[[ Dataset content open ]]

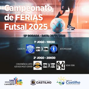 Quarta-feira, 13ª rodada do Campeonato de Férias de Futsal 2025 e o CastiCity conseguiu consolidar seu status de lanterninha absoluto e irremediável da competição esportiva mais acirrada de Castilho. E o time deixou a quadra ao término do 2º tempo, com mais uma goleada daquelas, aplicada pelo Jeito Moleque.
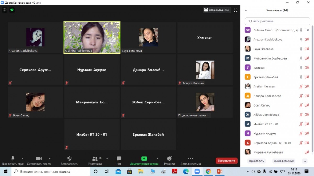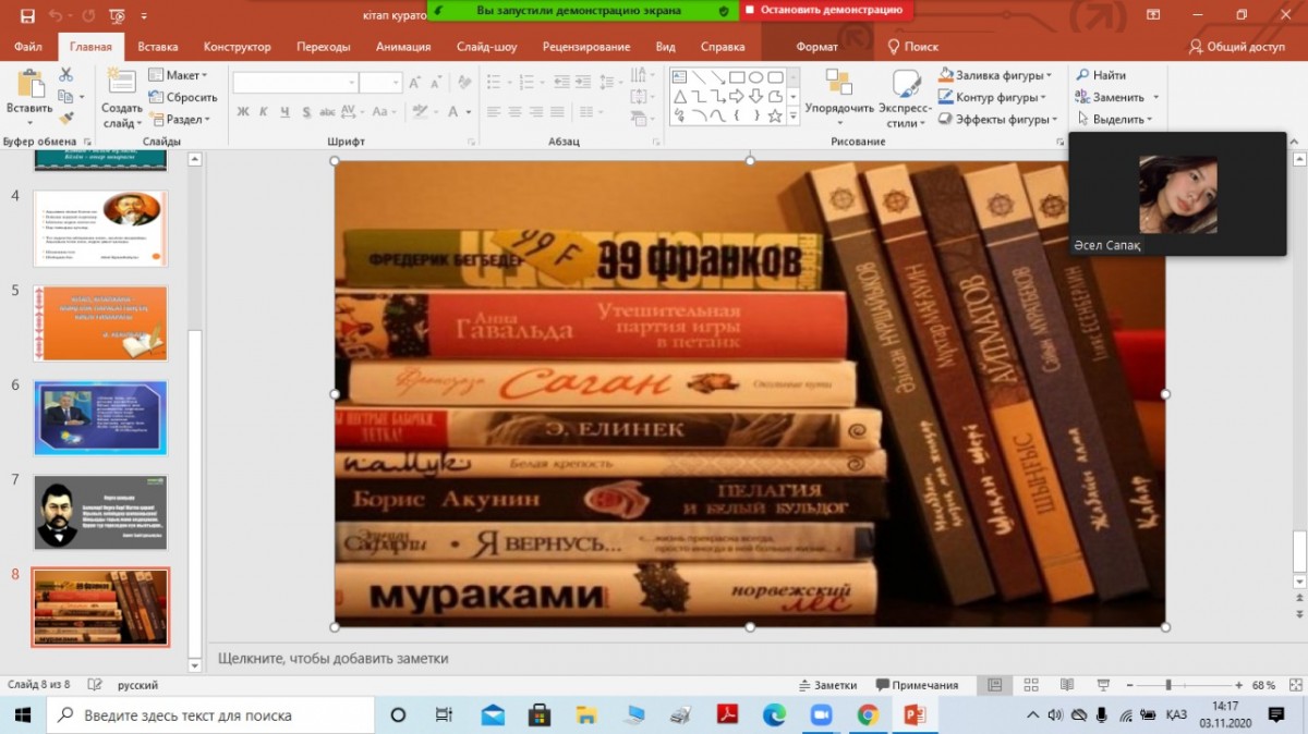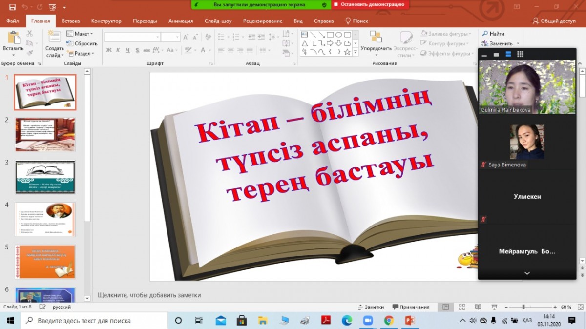 2020 жылдың 3 қараша күні қазақ және орыс филологиясы кафедрысының аға оқытушысы, ғылым магистрі Г.С. Райнбекова кураторлық ҚТ-20-01 тобының студенттерімен «Кітап – білім бастауы» тақырыбында дөңгелек үстел өткізілді. Дөңгелек үстел барысында оқытушы мен студенттер оқылған кітаптарды талқылап, пікір алмасты.
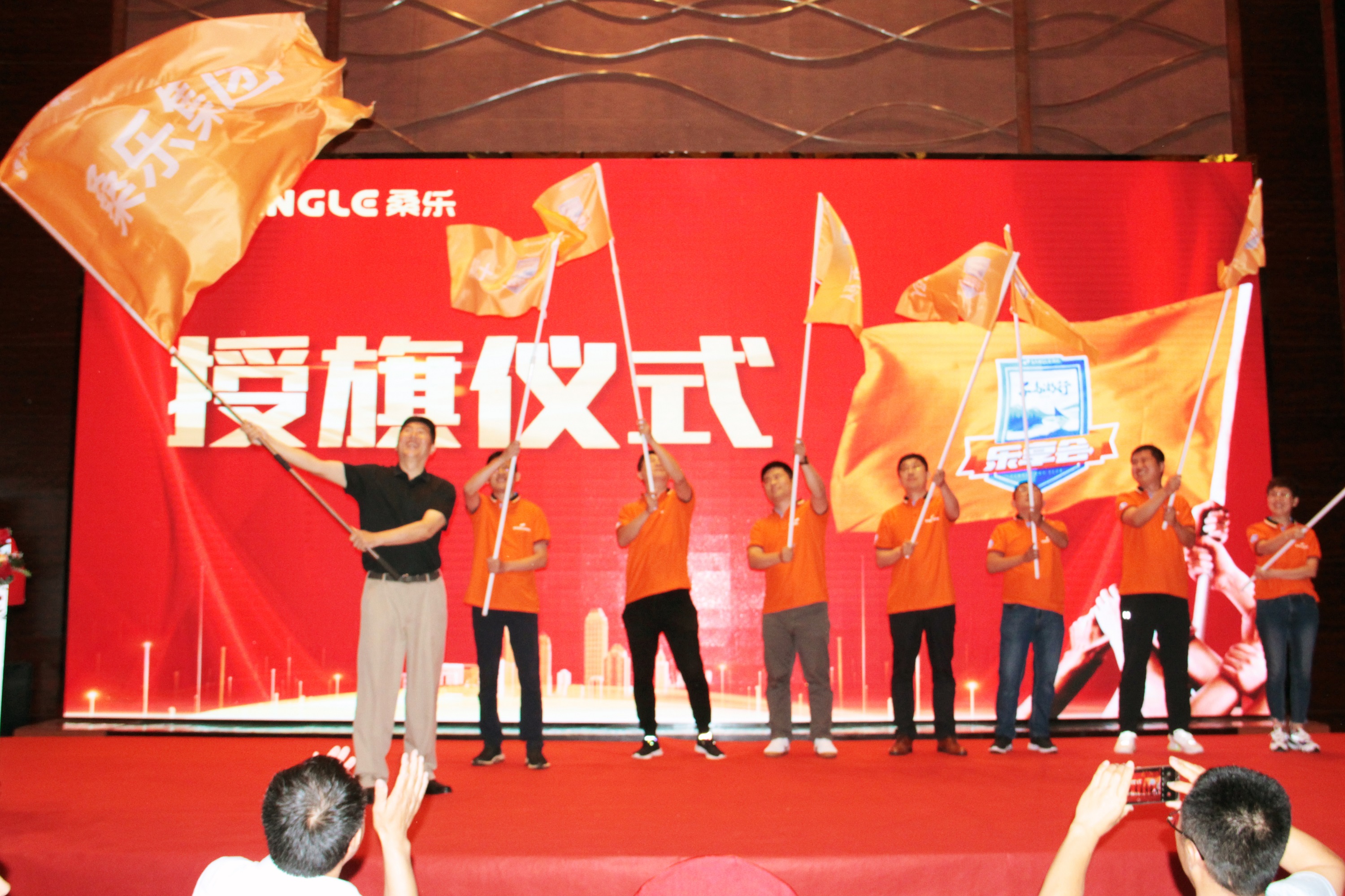 隨后,晚宴上進(jìn)行了樂享會授旗儀式。董事長高舉桑樂大旗,大家一起揮舞旗幟,吹響了桑樂新時代沖鋒的號角。每一位桑樂人都斗志高昂,信心十足,力爭讓桑樂的旗幟在全國各地飄揚。

[[ Dataset content closed ]]

■ What to produce
Copy the entire listing exactly but skip the pictures.

■ Answer box
 Quarta-feira, 13ª rodada do Campeonato de Férias de Futsal 2025 e o CastiCity conseguiu consolidar seu status de lanterninha absoluto e irremediável da competição esportiva mais acirrada de Castilho. E o time deixou a quadra ao término do 2º tempo, com mais uma goleada daquelas, aplicada pelo Jeito Moleque.
 2020 жылдың 3 қараша күні қазақ және орыс филологиясы кафедрысының аға оқытушысы, ғылым магистрі Г.С. Райнбекова кураторлық ҚТ-20-01 тобының студенттерімен «Кітап – білім бастауы» тақырыбында дөңгелек үстел өткізілді. Дөңгелек үстел барысында оқытушы мен студенттер оқылған кітаптарды талқылап, пікір алмасты.
 隨后,晚宴上進(jìn)行了樂享會授旗儀式。董事長高舉桑樂大旗,大家一起揮舞旗幟,吹響了桑樂新時代沖鋒的號角。每一位桑樂人都斗志高昂,信心十足,力爭讓桑樂的旗幟在全國各地飄揚。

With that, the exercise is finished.